| Task |
Beginning at the line that contains "木道沿いのカナムグラ刈り 日時 2016/7/14(木)" and finishing at the line that contains "- Elige Stands", output the data below exactly. Include both end lines and no pictures.
Input data: Begin
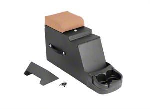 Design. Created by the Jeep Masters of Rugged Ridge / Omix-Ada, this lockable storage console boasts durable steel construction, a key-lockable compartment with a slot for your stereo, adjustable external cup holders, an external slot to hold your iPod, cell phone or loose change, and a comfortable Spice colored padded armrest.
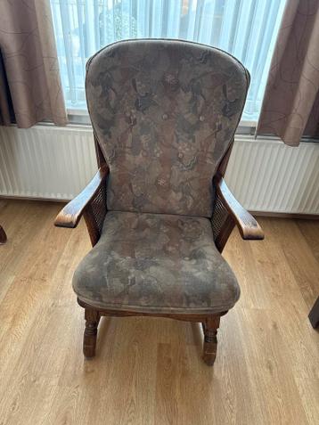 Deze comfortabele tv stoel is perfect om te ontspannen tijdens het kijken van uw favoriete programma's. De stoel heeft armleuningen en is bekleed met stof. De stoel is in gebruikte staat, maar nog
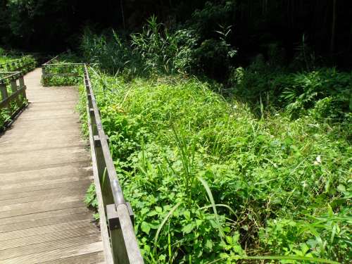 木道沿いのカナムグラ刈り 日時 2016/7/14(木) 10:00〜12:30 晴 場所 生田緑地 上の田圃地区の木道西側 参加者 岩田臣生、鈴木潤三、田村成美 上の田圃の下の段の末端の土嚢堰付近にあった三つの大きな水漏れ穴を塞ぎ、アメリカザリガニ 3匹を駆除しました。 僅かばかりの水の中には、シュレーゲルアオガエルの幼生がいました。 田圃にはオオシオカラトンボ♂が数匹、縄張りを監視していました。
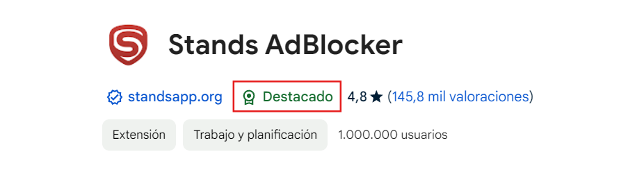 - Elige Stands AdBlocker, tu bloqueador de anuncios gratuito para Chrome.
Input data: End
Input data: Begin
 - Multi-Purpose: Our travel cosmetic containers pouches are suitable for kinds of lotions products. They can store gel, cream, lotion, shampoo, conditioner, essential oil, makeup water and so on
Input data: End
| Answer for this exercise |
 木道沿いのカナムグラ刈り 日時 2016/7/14(木) 10:00〜12:30 晴 場所 生田緑地 上の田圃地区の木道西側 参加者 岩田臣生、鈴木潤三、田村成美 上の田圃の下の段の末端の土嚢堰付近にあった三つの大きな水漏れ穴を塞ぎ、アメリカザリガニ 3匹を駆除しました。 僅かばかりの水の中には、シュレーゲルアオガエルの幼生がいました。 田圃にはオオシオカラトンボ♂が数匹、縄張りを監視していました。
 - Elige Stands AdBlocker, tu bloqueador de anuncios gratuito para Chrome.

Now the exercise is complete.